===== Data supplied
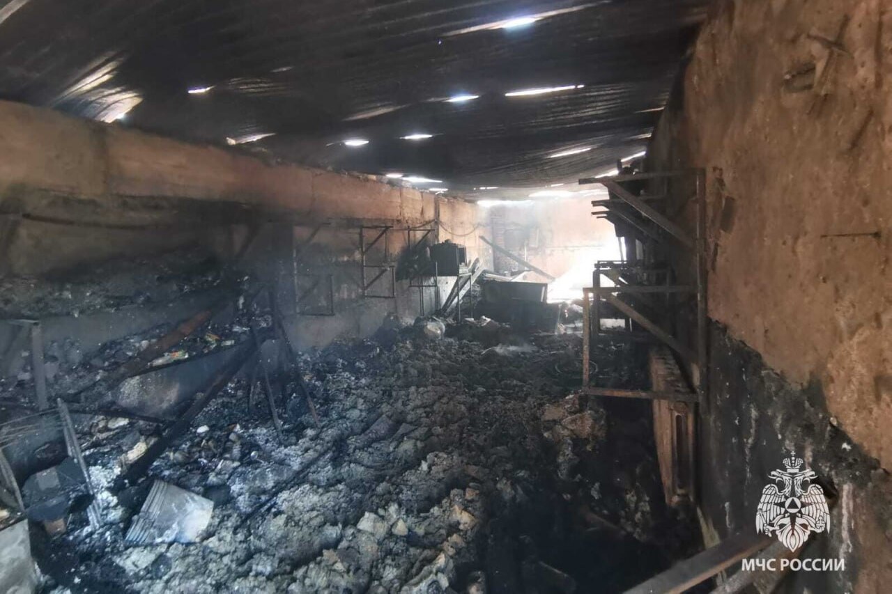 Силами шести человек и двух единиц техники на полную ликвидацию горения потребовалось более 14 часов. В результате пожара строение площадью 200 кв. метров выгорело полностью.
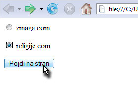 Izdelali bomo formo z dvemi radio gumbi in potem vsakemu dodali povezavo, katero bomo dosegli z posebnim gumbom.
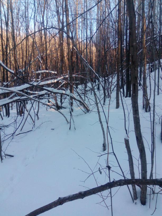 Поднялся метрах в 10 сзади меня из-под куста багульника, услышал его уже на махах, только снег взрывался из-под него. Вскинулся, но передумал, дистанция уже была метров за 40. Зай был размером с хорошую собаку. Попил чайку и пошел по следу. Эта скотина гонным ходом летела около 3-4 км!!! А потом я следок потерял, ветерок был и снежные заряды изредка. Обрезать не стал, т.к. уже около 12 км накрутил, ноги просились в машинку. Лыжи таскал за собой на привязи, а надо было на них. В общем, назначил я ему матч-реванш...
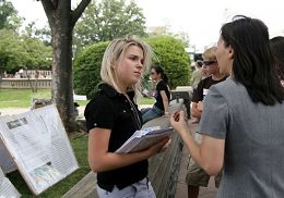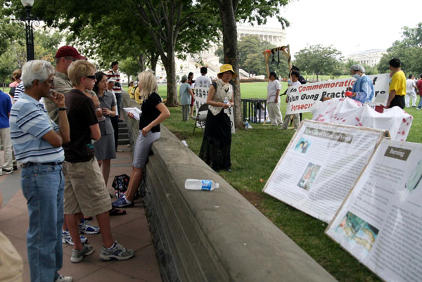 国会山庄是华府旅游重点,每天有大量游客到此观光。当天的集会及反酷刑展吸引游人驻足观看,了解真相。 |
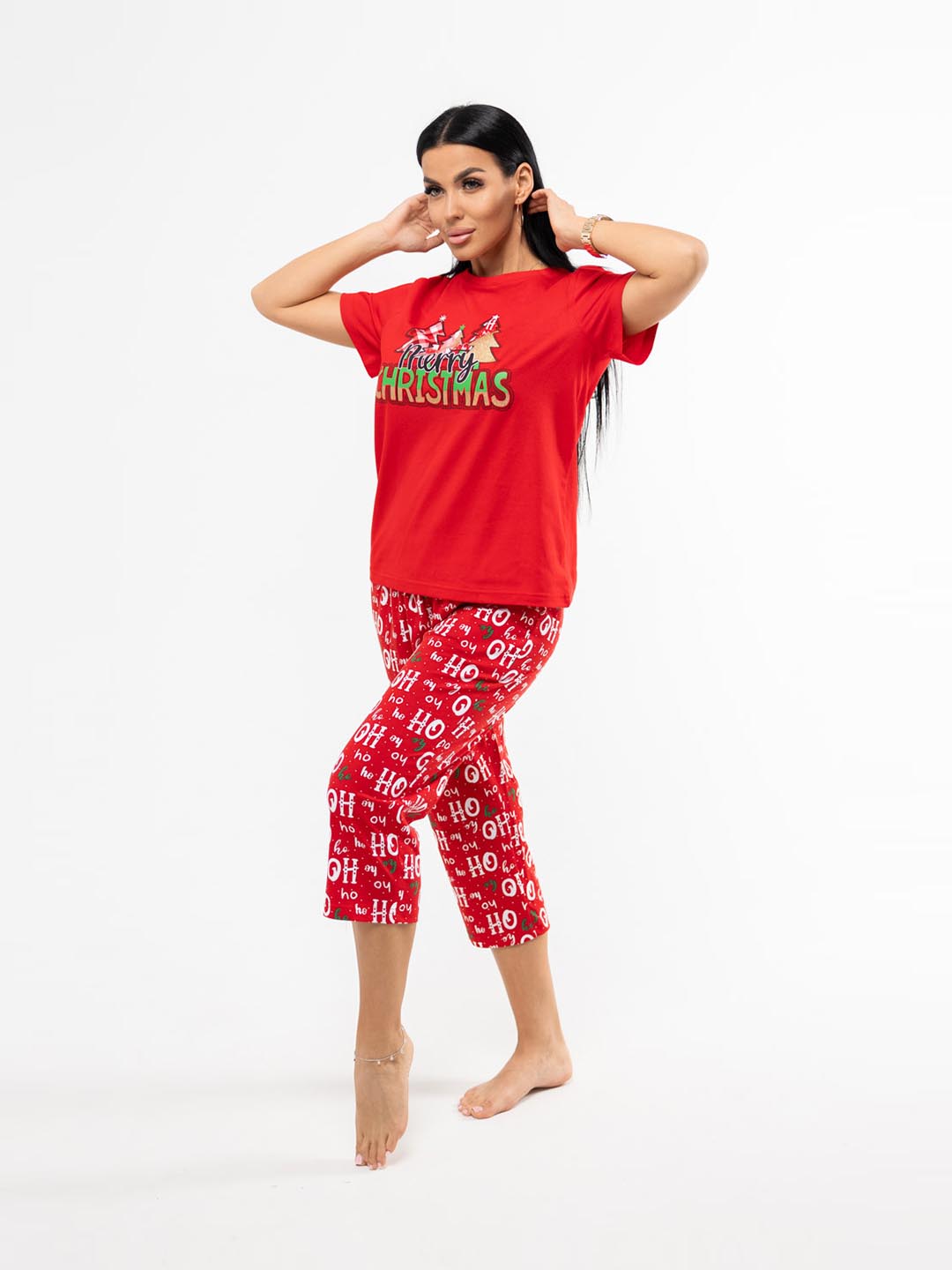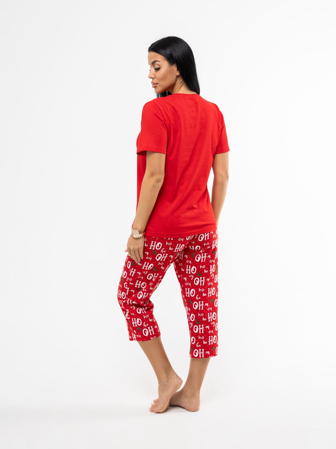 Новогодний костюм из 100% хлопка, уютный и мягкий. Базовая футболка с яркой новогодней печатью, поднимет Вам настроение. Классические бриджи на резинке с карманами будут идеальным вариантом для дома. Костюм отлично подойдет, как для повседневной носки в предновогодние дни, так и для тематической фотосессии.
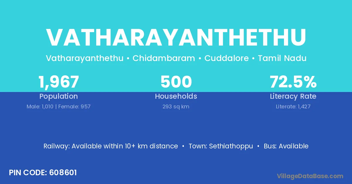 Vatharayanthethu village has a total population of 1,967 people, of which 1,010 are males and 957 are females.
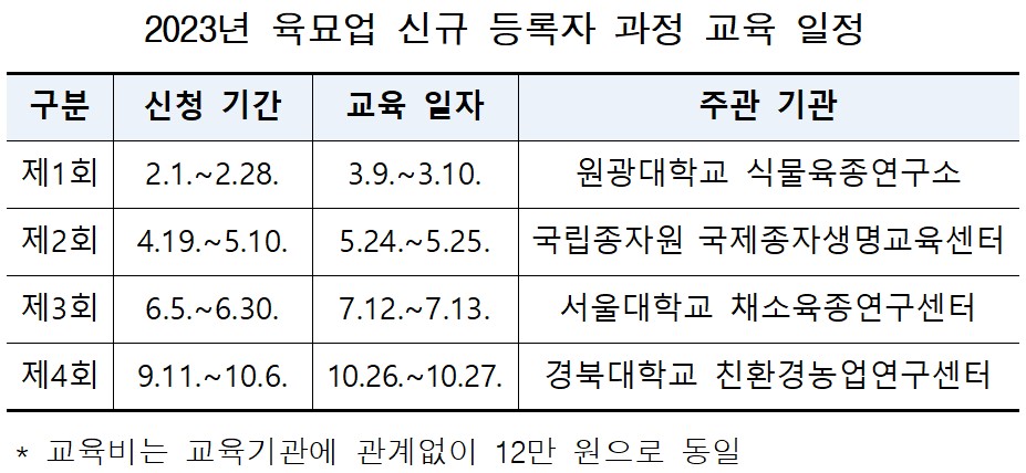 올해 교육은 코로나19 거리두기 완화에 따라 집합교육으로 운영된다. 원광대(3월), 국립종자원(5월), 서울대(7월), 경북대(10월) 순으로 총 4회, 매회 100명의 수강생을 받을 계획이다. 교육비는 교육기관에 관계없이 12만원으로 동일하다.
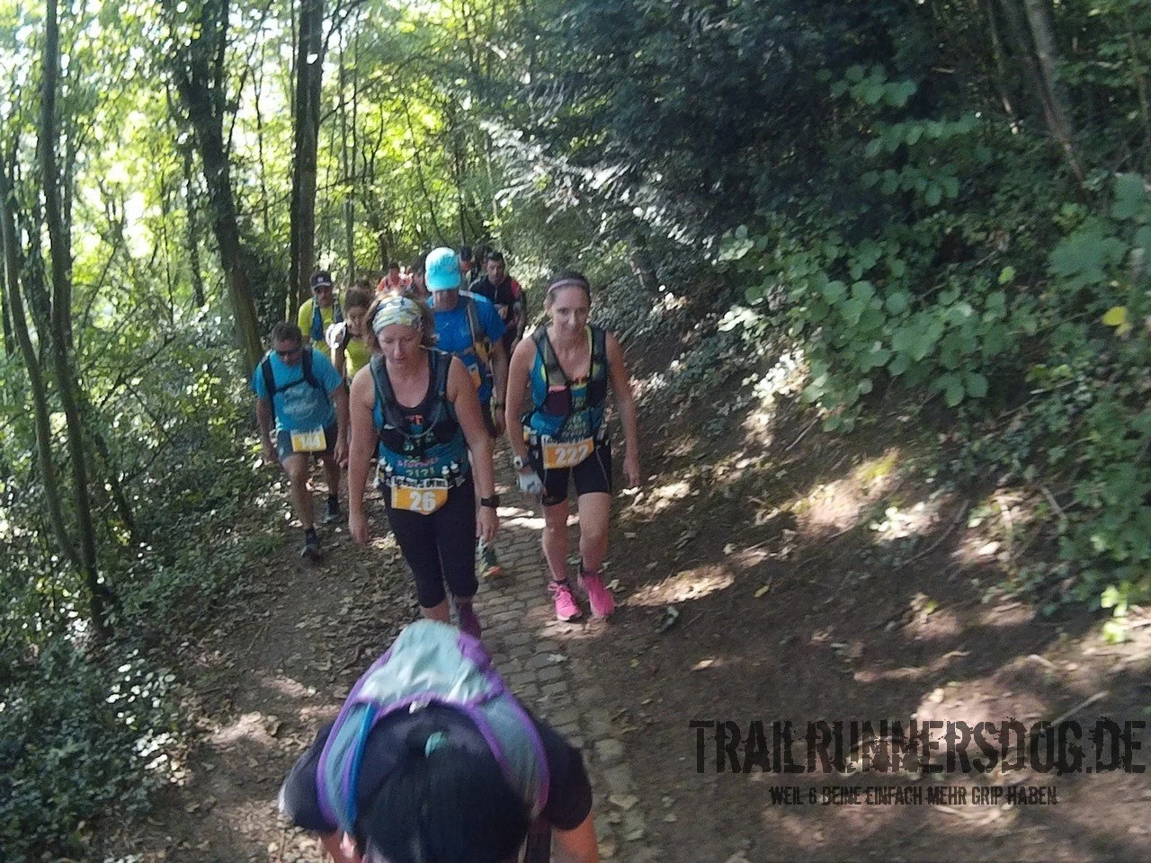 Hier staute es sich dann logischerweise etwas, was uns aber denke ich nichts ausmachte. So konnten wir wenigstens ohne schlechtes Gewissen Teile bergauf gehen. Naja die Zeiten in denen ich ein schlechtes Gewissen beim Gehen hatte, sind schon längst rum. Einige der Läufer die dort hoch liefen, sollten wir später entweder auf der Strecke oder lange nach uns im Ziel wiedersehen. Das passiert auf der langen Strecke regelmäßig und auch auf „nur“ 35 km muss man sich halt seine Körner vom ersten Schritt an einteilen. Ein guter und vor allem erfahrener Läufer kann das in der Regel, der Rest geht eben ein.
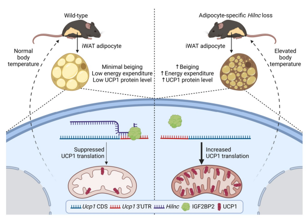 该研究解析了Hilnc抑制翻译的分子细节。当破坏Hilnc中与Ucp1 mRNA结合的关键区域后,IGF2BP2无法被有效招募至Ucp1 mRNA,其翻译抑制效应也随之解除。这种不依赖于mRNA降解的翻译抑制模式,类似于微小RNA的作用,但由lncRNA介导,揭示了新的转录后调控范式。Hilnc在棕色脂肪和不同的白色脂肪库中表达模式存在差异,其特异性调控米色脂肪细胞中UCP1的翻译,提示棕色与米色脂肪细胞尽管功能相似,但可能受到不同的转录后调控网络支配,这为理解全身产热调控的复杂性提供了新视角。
==========
● Exercise instructions: Locate "Hier staute es" in the listing above, then print exactly the lines from that line through the final one, omitting all pictures.

● Answer section:
 Hier staute es sich dann logischerweise etwas, was uns aber denke ich nichts ausmachte. So konnten wir wenigstens ohne schlechtes Gewissen Teile bergauf gehen. Naja die Zeiten in denen ich ein schlechtes Gewissen beim Gehen hatte, sind schon längst rum. Einige der Läufer die dort hoch liefen, sollten wir später entweder auf der Strecke oder lange nach uns im Ziel wiedersehen. Das passiert auf der langen Strecke regelmäßig und auch auf „nur“ 35 km muss man sich halt seine Körner vom ersten Schritt an einteilen. Ein guter und vor allem erfahrener Läufer kann das in der Regel, der Rest geht eben ein.
 该研究解析了Hilnc抑制翻译的分子细节。当破坏Hilnc中与Ucp1 mRNA结合的关键区域后,IGF2BP2无法被有效招募至Ucp1 mRNA,其翻译抑制效应也随之解除。这种不依赖于mRNA降解的翻译抑制模式,类似于微小RNA的作用,但由lncRNA介导,揭示了新的转录后调控范式。Hilnc在棕色脂肪和不同的白色脂肪库中表达模式存在差异,其特异性调控米色脂肪细胞中UCP1的翻译,提示棕色与米色脂肪细胞尽管功能相似,但可能受到不同的转录后调控网络支配,这为理解全身产热调控的复杂性提供了新视角。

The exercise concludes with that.